The review aggregator website Rotten Tomatoes gave the film a 78% approval rating, based on 45 reviews. The website's consensus reads, "Some tonal inconsistency makes 18 1/2 more of a 7/10, but this well-acted period piece mines the Watergate scandal for fresh, insightful dramedy."

Richard Roeper of the Chicago Sun-Times wrote, "Just when you thought we might have covered this dark chapter in American history from all angles, along comes the slyly subversive, occasionally loony and thoroughly entertaining 18 ½, which is fictional and yet contains essential truths and clever insights throughout." Matt Zoller Seitz of RogerEbert.com wrote, "it's a film that sticks in the mind after you've watched it. Every choice is made with confidence, but from an intuitive place, like decisions made by a lucid dreamer." Noel Murray of the Los Angeles Times wrote, "Mirvish's excellent cast approaches this sequence like a one-act play, swinging at every curveball their fellow actors throw.
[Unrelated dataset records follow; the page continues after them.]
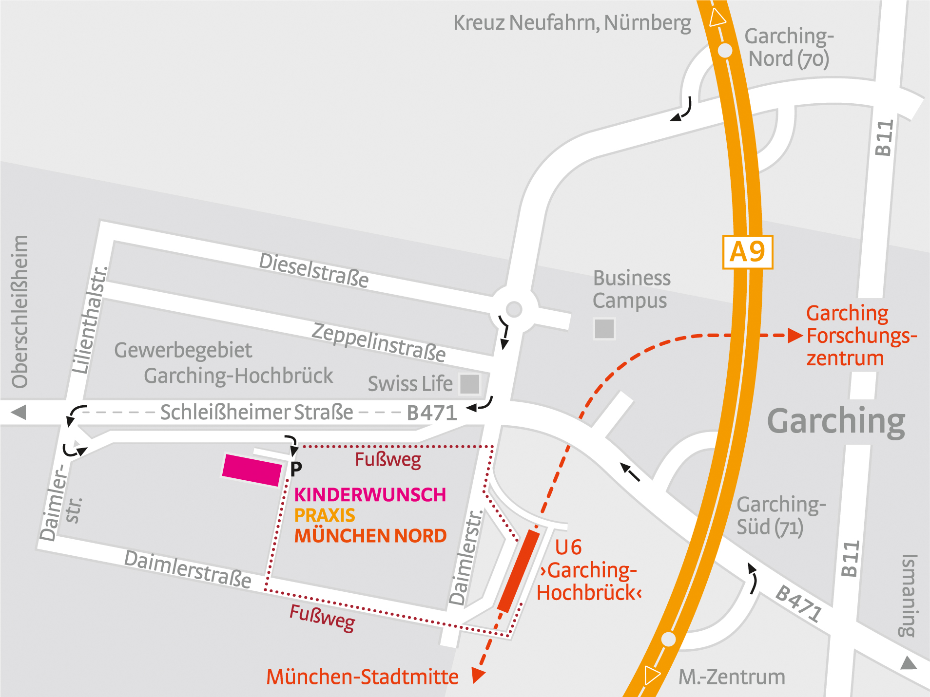 Aus Richtung Nürnberg: Über A9 Richtung München, Ausfahrt Garching Nord: Rechts abbiegen auf die B471 Richtung München/Dachau/Oberschleißheim dem Straßenverlauf der B471 folgen, geradeaus über den Kreisverkehr Richtung Dachau/Ismaning. An der Kreuzung rechts abbiegen auf die Schleißheimer Straße (B471) Richtung Dachau/Oberschleißheim. An der 1. Ampel (Daimlerstraße) links abbiegen und gleich durch einen U-Turn parallel der Schleißheimer Straße 300 m zurück fahren bis zur Praxis.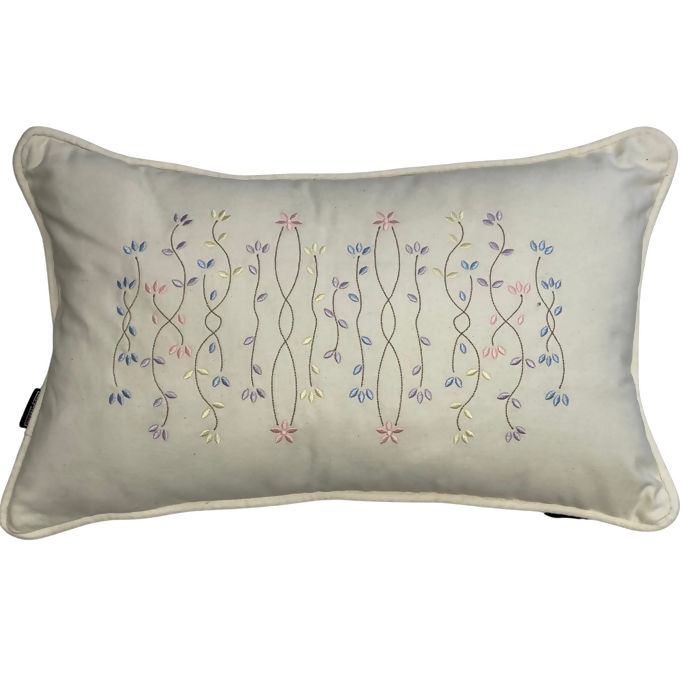 Almofada Sarja Linho Cru com Bordado Fino Floral 190-07 32x52 - Decortêxtil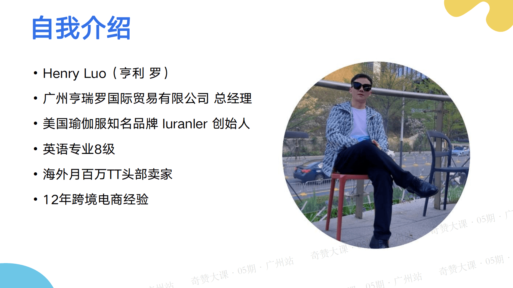 我简单介绍一下我自己,我是姓罗,我是做瑜伽服的,我是一个卖家,自己在运营小店,独立站接下来也会做。今天我讲的是《TikTok跨境电商之商品卡玩法》,我没有来过这样的场合,这也是我第一次。希望我讲之前给大家第一印象就是这个家伙有点料,他接下来可以讲一些硬的东西,一定要硬,一定要刚,我自己做小白的时候也不听吹牛逼,我一定要听硬货给到我,我今天才开心,这场席才吃得满意。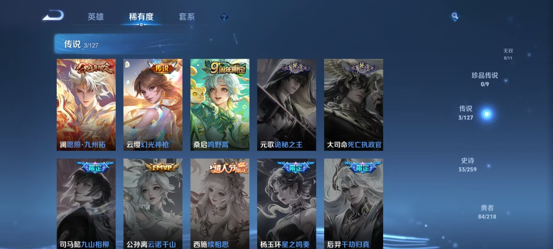 - [12141371]V7 14传说 123英雄 232皮肤 可修改实名 优质装备:黄金狮子座,云鹰飞将(小将军),炽阳神光,地狱之眼,超时空战士-狄仁杰,挚爱之约,无双飞将,山海·炽霜斩(李信年限),燃星之曲,浮生妄,涂山容容 传说皮:幻光神枪 珍宝阁皮:妄想食味 限定皮:愿照·山河定(司空震年限),影龙天霄,五谷丰年,冰锋战神,李小龙,孙行者,天魔缭乱,山海·玄木吟(马可年限) 史诗皮:鸭鸭历险记-刘禅,苍鳞隐世,器灵·浮梦炉,化蝶舞,灵蛊蚀心,龙之律动,藏狐·褐绒,茶境仙,琥珀纪元伽罗,蔬乡物语(鲁班七号),百相守梦-黄忠,织梦人,紫霞仙子,苍穹之光,千年之狐,江河有灵,真我赫兹(镜),蒙恬荣光圣徽,无限星赏官,青蛇,偶像歌手,电玩·爆裂旋风,末日机甲-吕布,猫狗日记-孙策,乱世虎臣,节奏热浪,修罗,摇滚巨星,水果甜心,星夜王子,德古拉伯爵,幽灵船长,鬼剑武藏,舞动绿茵,逐浪之夏,水晶猎龙者,金属风暴,原初追逐者,圣诞狂欢,圣诞恋歌,鹰眼统帅,魅力维加斯,黎明之约,天秀·音浪,无心,未来纪元-赵云

Nothing they're saying matters much, but they say it with such verve and passion that they pull the audience right into the free-floating anxiety of a fraught time in American history, a half-century ago."

The film was one of 301 features qualified as eligible for the 95th Academy Awards. The original songs "Brasília Bella", "Wonder Bread" and "Deadly Butterfly" from the film were 3 out of the 82 songs qualified for the 2023 Academy Awards Best Original Song category. "Brasília Bella" was considered an "Oscar Contender" by The Hollywood Reporter, IndieWire and GoldDerby.